#### What you should do:
Work through the listing below and give again exactly the lines from the one with "Что известно об" to the one with "這些孩子所戴的帽子,是由香港一些有情緒病患的婦女親手為難民小孩們編織的。", both ends included. All other lines and all pictures stay out.

+++ Exercise data

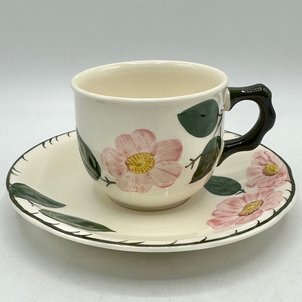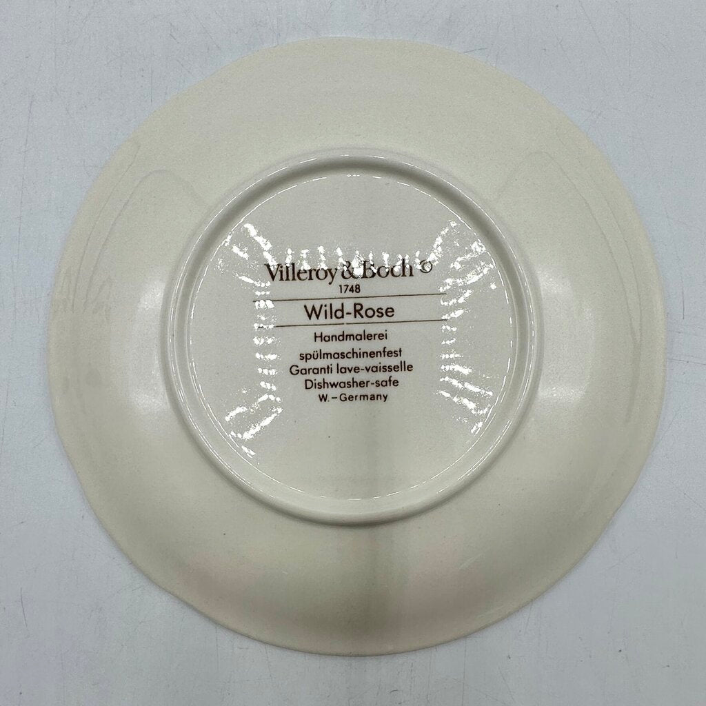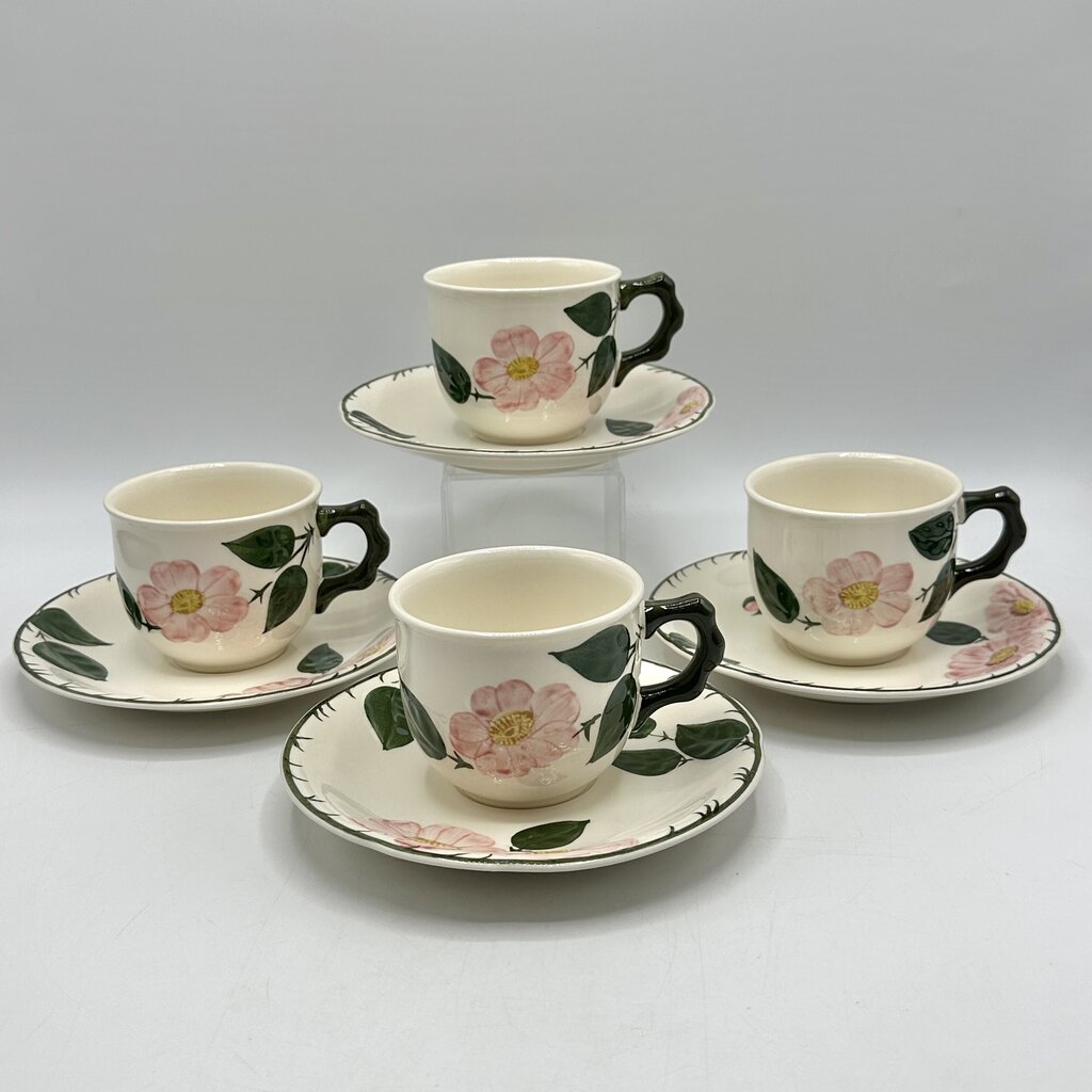 Four Villeroy & Boch Wild Rose fine china flat cup and saucer sets. Made in Germany. The lovely hand painted Wild Rose pattern was a popular generational favorite from 1968 until 2018. The cups have a 3 1/4” diameter and are 2 3/4” tall, the saucers measure 6 1/4”, they are in very good vintage condition, no chips, cracks, crazing or repairs.
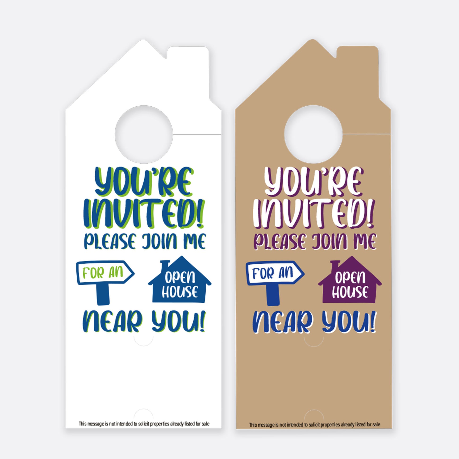 Transform your real estate marketing with our striking door hangers, designed exclusively for realtors. Make your listings pop and capture attention with our high-quality, eye-catching designs. Perfect for driving leads and leaving a lasting impression, our door hangers are your go-to tool for effective neighborhood outreach.
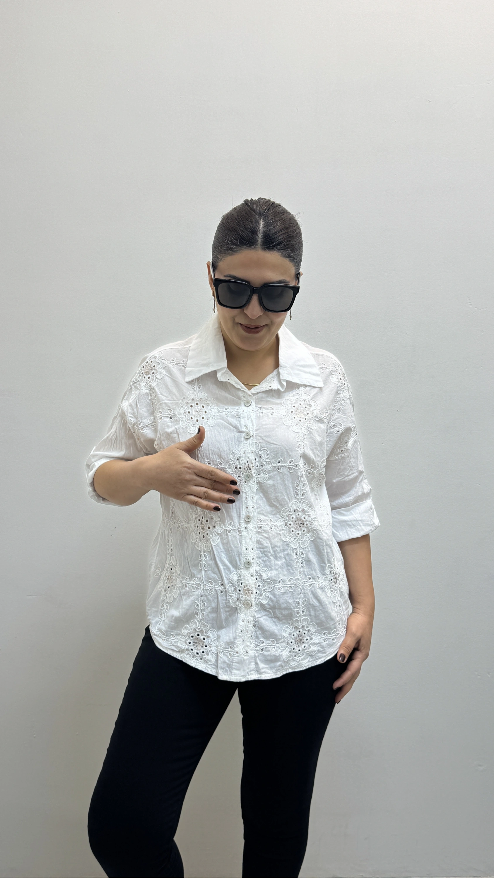 Nakış Ve Pul Payet İşlemeli Yakalı Beyaz Renk İthal Gömlek Hakkında
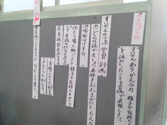 3年生の教室です。学習の足跡が、教室に掲示されていました。子どもたちがふと掲示物を見た時に、学習内容を振り返ることができます。
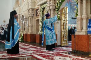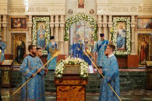 24 июля, в канун праздника иконы Божией Матери «Троеручица», дня образования Йошкар-Олинской и Марийской епархии, в Благовещенском кафедральном соборе г. Йошкар-Олы было совершено праздничное всенощное бдение.
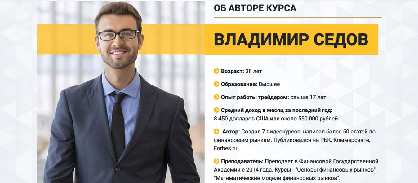 Что известно об авторе курса Фин Стади Курс Владимире Седове?
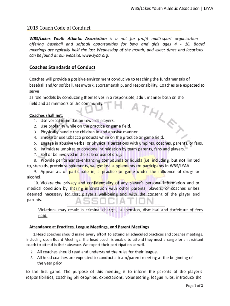 WBS/LakesYouthAthleticAssociation|LYAA2019 Coach Code of Conduct WBS/Lakes Youth Athletic Association is a not for profit multisport organization offering baseball and softball opportunities for boys
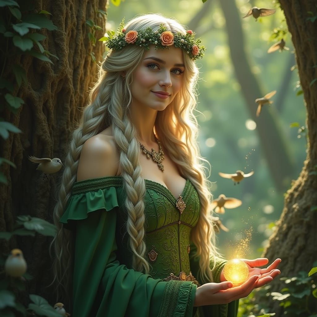 A captivating image of a forest enchantress in a sunlit glade. The figure is adorned with flowing hair and a floral crown, rendered with intricate details and soft, ethereal light in a fantasy style.
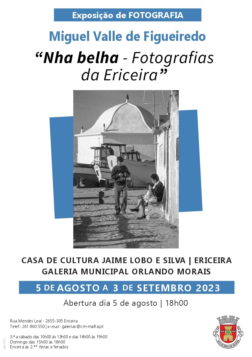 Adicionar a calendário2023-08-05 00:00:002023-09-03 00:00:00Europe/LisbonExposição "Nha belha - Fotografias da Ericeira", de Miguel Valle de FigueiredoGaleria Municipal Orlando Morais, Casa de Cultura Jaime Lobo e Silva - Ericeira
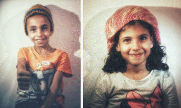 這些孩子所戴的帽子,是由香港一些有情緒病患的婦女親手為難民小孩們編織的。
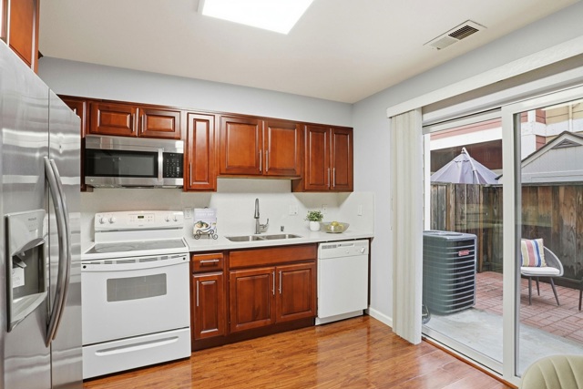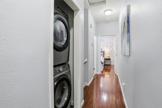 Welcome to a beautifully maintained townhome in a great commute location. This property offers a perfect opportunity for first time home buyers or investors. Located in the heart of Silicon Valley, it boasts 1010 Sq.Ft. of living space, 2 BR | 2 BA. Enjoy the comfort of modern living w/ open floor plan, abundance of natural light from all windows. The thoughtfully designed floorplan flows to the open kitchen and dining area. The kitchen features elegant cabinets, eat-in dining space, and backyard patio access. Sunny primary bedroom upstairs includes high ceilings, ensuite bath and large closets. In-unit laundry and central air conditioning offer convenience. The private backyard patio is perfect for BBQ-ing or enjoying morning coffee. Ideal location in the heart of San Jose, just 3 miles to vibrant Downtown with San Pedro Square Market, SAP Center, restaurants, nightlife, museums, parks & more. Convenient access to freeways, Diridon Station, and public transit for commuter ease to major tech campuses. Two assigned parking spaces. Low HOA dues! Great starter home!

++++++

#### Response to this exercise:
 Что известно об авторе курса Фин Стади Курс Владимире Седове?
 WBS/LakesYouthAthleticAssociation|LYAA2019 Coach Code of Conduct WBS/Lakes Youth Athletic Association is a not for profit multisport organization offering baseball and softball opportunities for boys
 A captivating image of a forest enchantress in a sunlit glade. The figure is adorned with flowing hair and a floral crown, rendered with intricate details and soft, ethereal light in a fantasy style.
 Adicionar a calendário2023-08-05 00:00:002023-09-03 00:00:00Europe/LisbonExposição "Nha belha - Fotografias da Ericeira", de Miguel Valle de FigueiredoGaleria Municipal Orlando Morais, Casa de Cultura Jaime Lobo e Silva - Ericeira
 這些孩子所戴的帽子,是由香港一些有情緒病患的婦女親手為難民小孩們編織的。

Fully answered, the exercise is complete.